IPネットワークにストレージのデータを流す――IP-SANを実現するiSCSIのテクノロジファイバチャネルか?IPか? SANテクノロジー最前線(1/3 ページ)

SANの接続にはファイバチャネルが一般的に使われるが、光ファイバを利用するため、コストなどの面で問題がある。この問題を解決するのがIPネットワークを利用するIP-SANだ。このIP-SANを実現するiSCSIとはどんなものなのだろうか。

» 2006年07月21日 08時00分 公開
[ITmedia]

IP-SANを実現するテクノロジ

 IP-SANを実現するテクノロジには、FCIP(Fibre Channel over IP)、iFCP(Internet Fibre Channel Protocol)、iSCSIという3つの種類がある。このうち、FCIPとiFCPは、すでに構築されているFC-SANを補完するために用いられる技術であり、FC-SANの代替としてファイバチャネルを利用しない低コストSANを構築する場合に用いられるのがiSCSIだ。IP-SANはiSCSIの代名詞として利用されることもある。

 FCIPは、旧ルーセント・テクノロジー(現アルカテル)が中心となって開発したもの。ファイバチャネルの機能を最大限に利用しつつ、IPネットワークを利用することで伝送距離を伸ばそうというものだ。IPネットワークは、独立した複数のFC-SANを接続するトンネリングとしてのみ利用し、IPトンネルにより相互接続されたFC-SANは、仮想的に大きなFC-SANとしてストレージを構成できる(図1)。IPネットワークとファイバチャネルとの接続は、ギガビットイーサネットを搭載したFCスイッチを用いる。

図1 FCIPでは、複数のFC-SANをIPネットワークで接続して仮想的に1つのSANを構成する

 iFCPは、旧ニシャンシステムズ(現マックデータ)が提唱したもの。FCIPでは、トンネリングによってファイバチャネルフレームをそのまま使って相互接続するが、iFCPはFCのアドレスとIPアドレスをマッピングしてルーティングを行うIPファブリックを利用する。それぞれのFC-SANは独立して管理される。

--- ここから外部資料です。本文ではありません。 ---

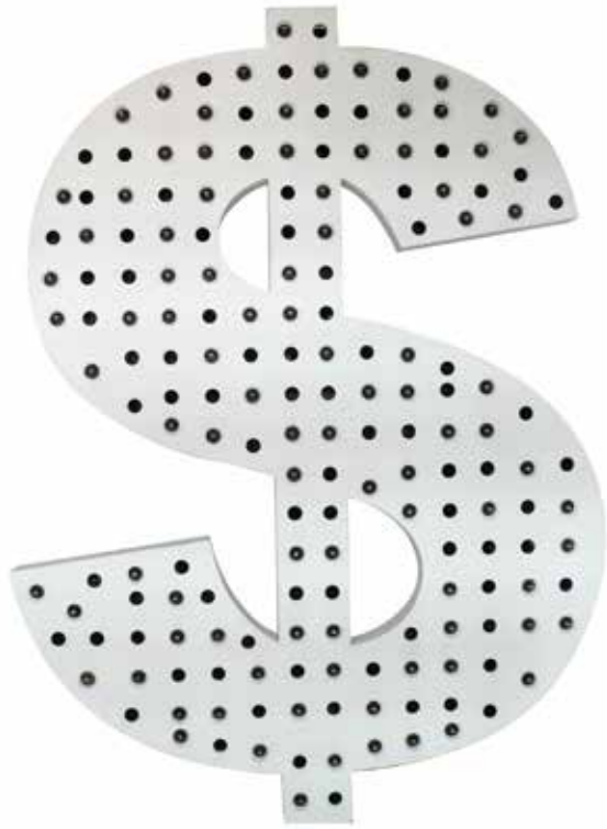
381 NICK KNIGHT (BRITISH B.1958), $, DESIGNED AND EXECUTED IN 2003 AR Painted wood, 25W bayonet lightbulbs, 151cm wide, 207cm high (59in wide, 81in high). £1,000 - 1,500 €1,100 - 1,700

See Bonhams.com for further footnote on this lot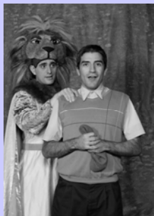
The Lion, the Witch & the Wardrobe presented by Performing Arts October 7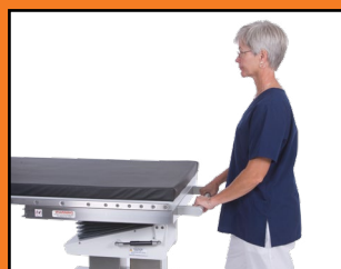
Built-in transport handle

図2 iFCPは複数のSANをIPネットワークで接続し、それぞれは独立したSANとして管理する

 iSCSIは、シスコやIBMが中心となって開発したもので、イーサネット上のIPパケットにSCSIコマンドを包み込み、ストレージに直接送るプロトコルだ。伝送媒体がファイバチャネルからIPネットワークに代わったと考えればよい(図3)。アプリケーションはiSCSIを意識せず、ローカルのストレージにアクセスするようにストレージにアクセスできる。ディスクの読み書きは、ローカルストレージやFC-SANと同じくブロック単位で扱われる。前回簡単に説明したようなパフォーマンスや管理面などIP-SANの特徴は、そのままiSCSIの特徴でもある。

図3 iSCSIはストレージの接続にIPネットワークを使う。IPネットワーク上でSANを実現するのはこの方式になる

 iSCSIは、IETF(Internet Engineering Task Force)のIPストレージワーキンググループで行われ、SNIA(Storage Network Industry Association)のIPストレージフォーラムがiSCSIの標準化のサポートと普及活動を行っている。